Explain that for each loops require linear data (lists) because they process elements sequentially. Trees have branching structure, so you must reconstruct the structure recursively.

A. Example

Write a function that keeps only files larger than a certain size:

fun keep-large-files(ft :: FileTree, min-size :: Number) -> FileTree:
cases (FileTree) ft:
| file(n, s) =>
if s >= min-size:
file(n, s)
else:
folder("empty", empty)
end
| folder(n, contents) => folder(n, keep-large-files-list(contents, min-size))
end
end

fun keep-large-files-list(fts :: List<FileTree>, min-size :: Number) -> List<FileTree>:
cases (List) fts:
| empty => empty
| link(first, rest) =>
filtered-first = keep-large-files(first, min-size)
link(filtered-first, keep-large-files-list(rest, min-size))
end
end

Emphasize that recursive functions let us rebuild the tree's structure as we process each node.
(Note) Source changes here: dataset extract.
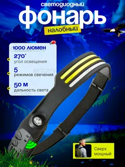 Фонарик налобный аккумуляторный кемпинговый

VII. Recap and Wrap-Up (5 minutes)

Key Points Discussion:

  • Hierarchical Data: Trees naturally represent nested, branching structures
  • Recursive Data Types: Define tree types that refer to themselves
  • Recursive Functions: Process trees by handling base cases (leaves) and recursive cases (branches)
  • Transformation: Rebuild tree structure while modifying contents

Reflection Questions:

  • "How is processing trees different from processing lists?"
  • "Why can't we use for-each loops on trees?"